### What you need to do
Every line below between the line holding "Dwuczęściowy wygląd Bluza" and the line holding "3 kr. 1641, Jáchymov-Knobloch", inclusive, should be repeated exactly, and all other lines omitted.

### Data for processing
*** Begin section ***

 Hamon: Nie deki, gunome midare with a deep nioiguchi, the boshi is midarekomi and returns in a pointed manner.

*** End section ***
*** Begin section ***

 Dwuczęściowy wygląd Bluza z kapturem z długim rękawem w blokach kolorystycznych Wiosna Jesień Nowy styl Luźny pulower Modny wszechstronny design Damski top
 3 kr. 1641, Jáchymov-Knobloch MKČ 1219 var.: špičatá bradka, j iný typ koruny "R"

*** End section ***

### Written answer
 Dwuczęściowy wygląd Bluza z kapturem z długim rękawem w blokach kolorystycznych Wiosna Jesień Nowy styl Luźny pulower Modny wszechstronny design Damski top
 3 kr. 1641, Jáchymov-Knobloch MKČ 1219 var.: špičatá bradka, j iný typ koruny "R"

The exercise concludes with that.